Saeger noted the group has seen success tackling trail projects through volunteer efforts. More than 1,000 individuals have contributed more than 4,000 work hours for the organization. Even with the paid crew, this volunteer model continues for the trail alliance, but now it can be a more effective effort.
“Volunteers always have been, and always will be, the core of our organization. But they can only contribute so much. They can only spend so many hours working on the trail,” he said.
With a couple of trail crew members serving as leaders, Saeger said volunteer groups work more efficiently. When more complicated trail sections some up, the professional crew is better equipped to tackle them.
“This trails crew can complete more impactful and complex projects on a daily basis,” Saeger said, “and they are not defined by jurisdictional boundaries.”
Ready to help
There is a lot of trail mileage in Eagle County and, correspondingly, there is a number of trail owners. The Forest Service and BLM have their own maintenance needs, as do open space programs in the county and various municipalities. The Vail Valley Mountain Trails Alliance crew can work in any and all of those locales.

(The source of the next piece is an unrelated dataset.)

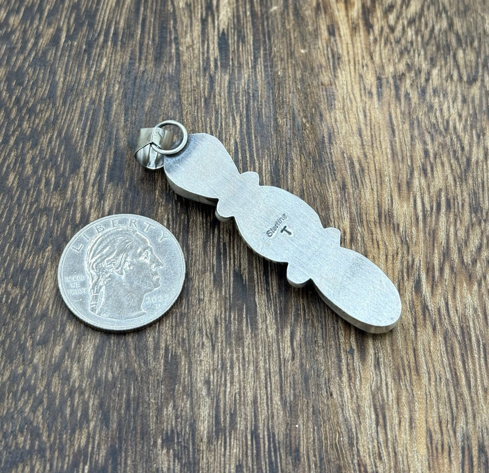 Elevate your jewelry collection with this exquisite Navajo handmade pendant. Crafted by Tricia Smith, this stunning piece features a cluster of turquoise stones , set in a sterling silver bar setting.

“On any given day, two crew members can be leading an Adopt-A-Trail volunteer team in Eagle on BLM land, and two others can be working on a trial reroute in Avon. Another crew can be stationed at the seasonal wildlife closure trailhead in Vail,” Saeger said. “That exact scenario happened this spring and it shows how they are impacting our entire county across all land management and trails.”
The crew will be funded through October. In addition to needed maintenance, there are a number of special projects the team will tackle this summer. The crew has completed work building the Adam’s Way trail on county open space — a project honoring Adam Palmer, a community pillar and a member of the Eagle Town Council who died in an avalanche earlier this year. There also will be some big reroute work on the Game Creek and Colorado trails.

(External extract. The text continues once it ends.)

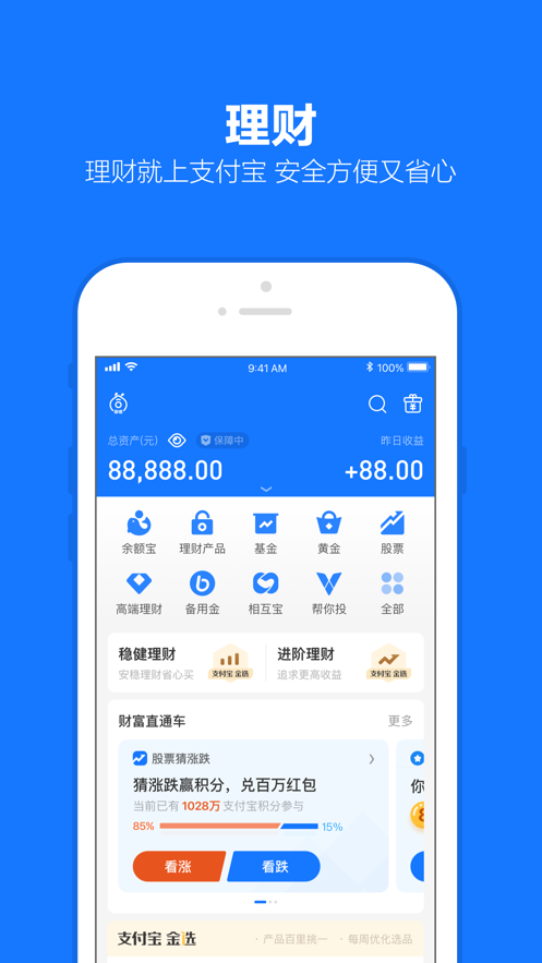 1、支持余额宝,理财收益随时查看;

But for regular trail users, all of the maintenance work is important, Saeger said. That includes both the projects themselves and the work that goes into them.
“Our Adopt-A-Tail program has 79 volunteer teams this year,” he noted.
While trail crew members are out in the forest, they provide more eyes during a time when they are needed. Saeger noted that in May, during the course of a construction project, a trail crew discovered and extinguished a smoldering campfire.
More of a good thing
While this is the first year the Vail Valley Mountain Trail Alliance has put a paid crew to work, Saeger believes it will not be the last.
“We plan on having this trail building crew every year for the foreseeable future,” he said. “We are continuing to seek donations and support to continue this crew and our program.”